The journey from identifying a potential therapeutic compound to U.S. Food and Drug Administration (FDA) approval of a new drug can take well over a decade and cost upwards of a billion dollars. A team of CUNY Graduate Center researchers has developed a novel artificial intelligence model that could significantly improve the accuracy and reduce the time and cost of drug development.

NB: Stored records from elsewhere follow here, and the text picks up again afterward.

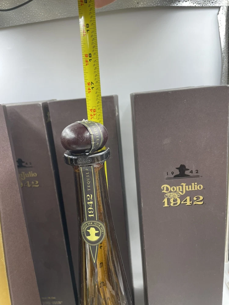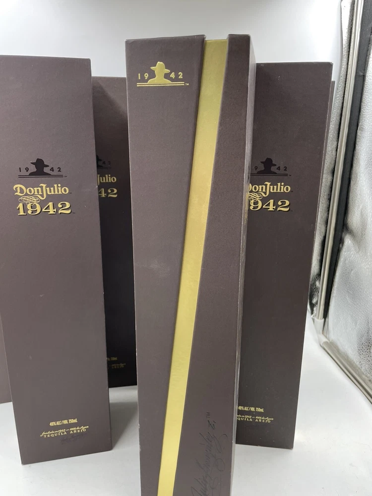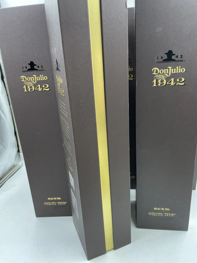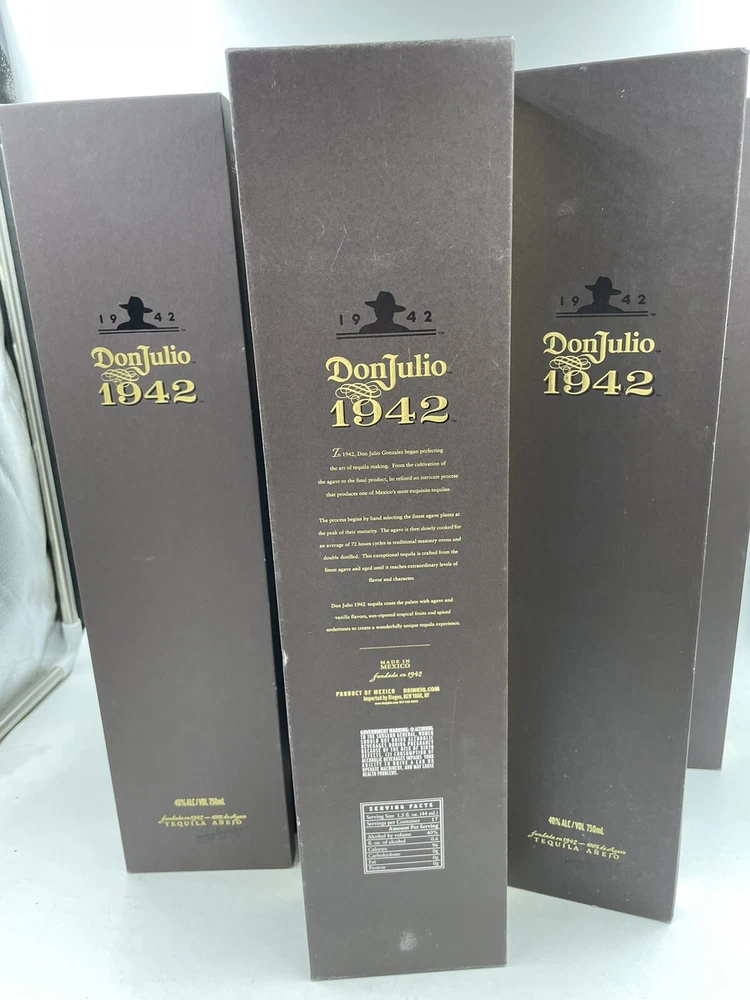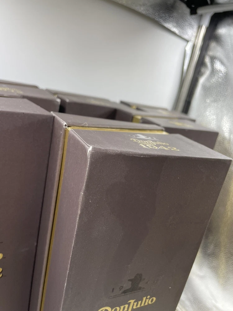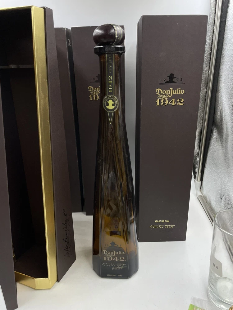 This empty bottle of Don Julio Anejo 1942 Tequila comes with its original box. The bottle is 750 ml in size and was made in Mexico, the home of tequila. The brown color and intricate design of the bottle make it a beautiful addition to any display. Whether you are a fan of Don Julio tequila or simply appreciate the artistry of liquor bottles, this item is sure to impress. Some boxes have some minor dings. Please see all pictures The bottle is being sold as a collectible and is not intended for consumption. It is in very good condition. Add this unique piece to your collection today.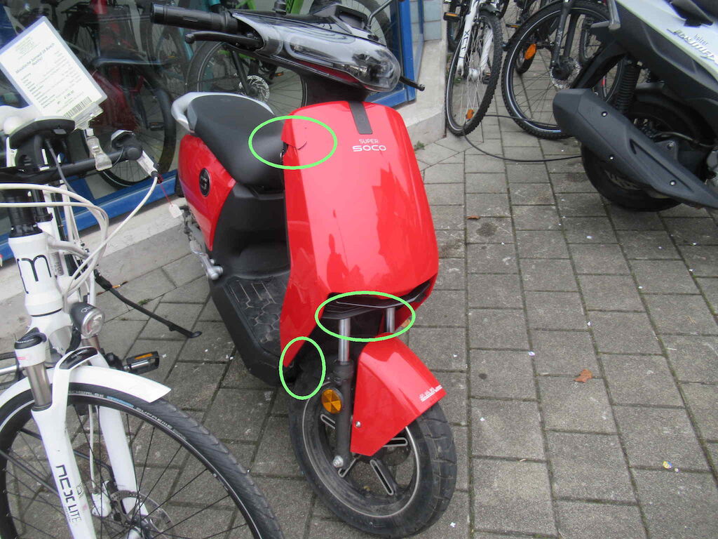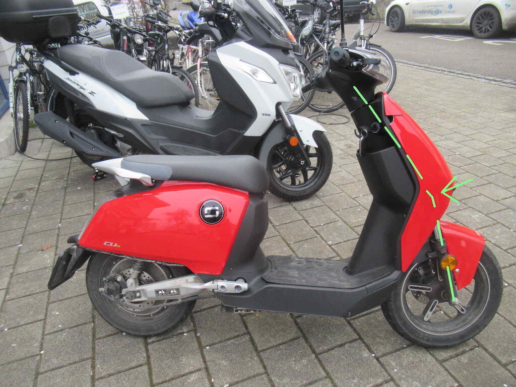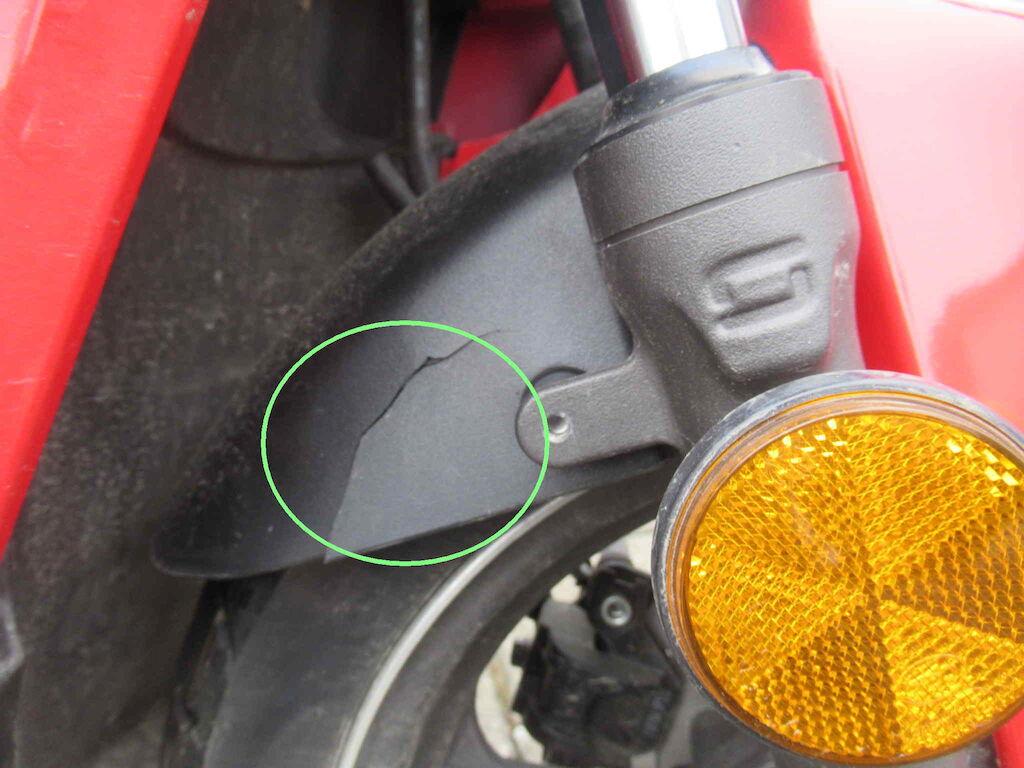 Beschädigung Gabel samt Lenkstange verbogen, Schutzblech, Radkasten innen Motor Getriebe Vorderachse Hinterachse Airbags ausgelöst: 0 unbekannt ( Abfallcode 16.01.04ak )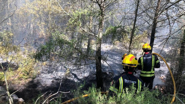 Bomberos y Protección Civil luchan contra las llamas se han desatado en una pinada muy densa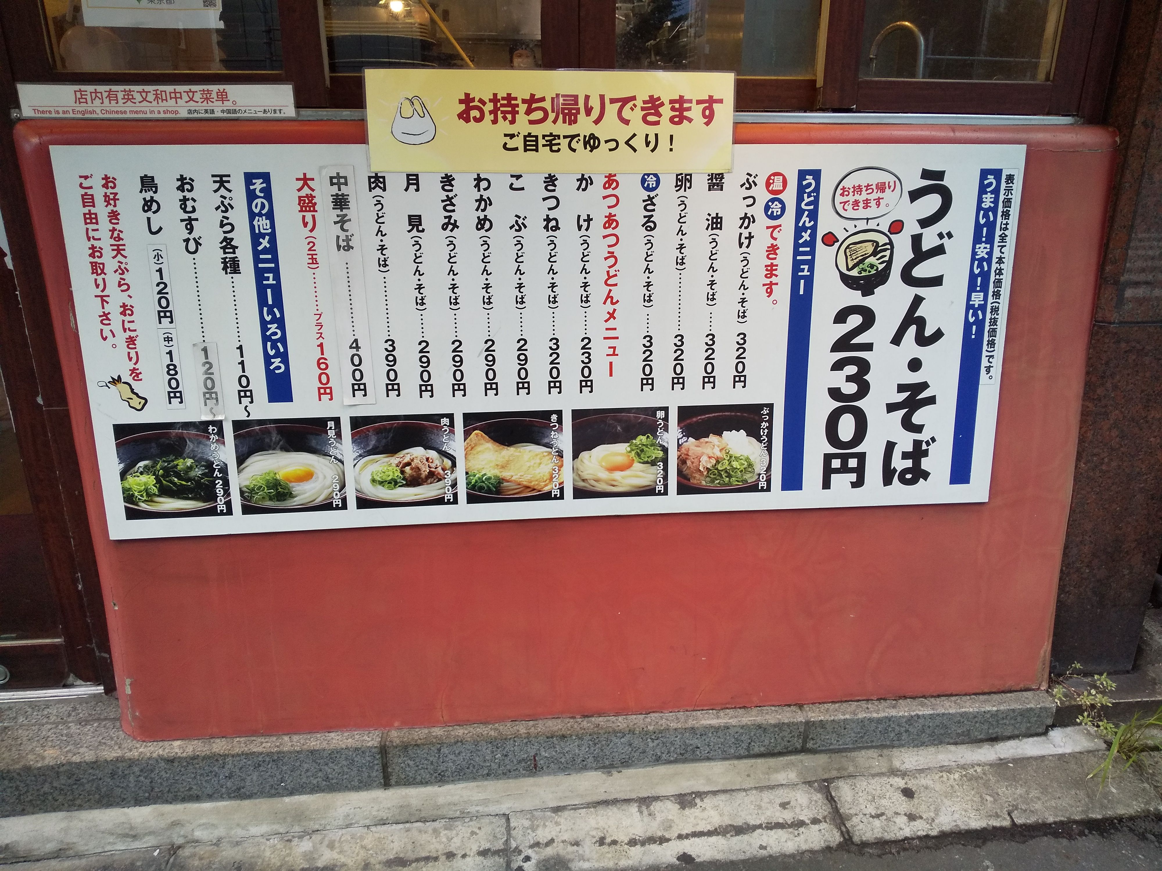 店頭メニュー。関西だと違う場合もあるが、そば・うどん同値段。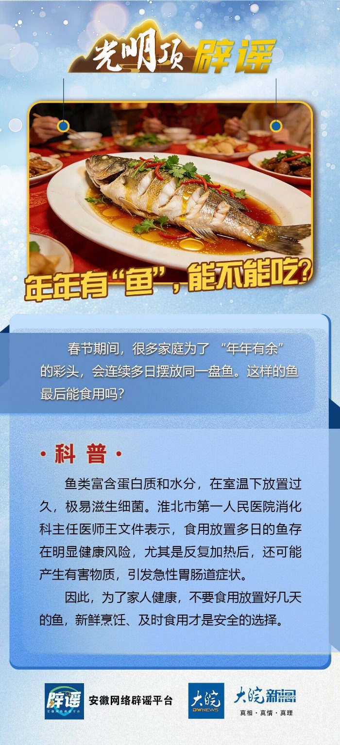 大皖新闻讯 过年期间,很多家庭的餐桌上都会有一盘鱼。在很多地方的风俗习惯中,这盘鱼会很多天都出现在餐桌上,以讨得“年年有余”好彩头。不过,这盘放了很多天的鱼后来到哪里去了呢?有网民表示,很大可能会被习惯于节俭的家中老人吃了。那么,这样连续放置多日的鱼,到底能不能吃呢?淮北市第一人民医院消化科主任医师王文件表示,放置多日的鱼可能会滋生细菌导致变质,如果食用可能导致健康风险。

The new model, called CODE-AE, can screen novel drug compounds to accurately predict efficacy in humans, according to a paper to be published today (October 17) in Nature Machine Intelligence. It was also able to identify personalized drugs for over 9,000 patients in tests, which could help treat their conditions. Scientists anticipate that the technique will significantly speed up drug discovery and precision medicine.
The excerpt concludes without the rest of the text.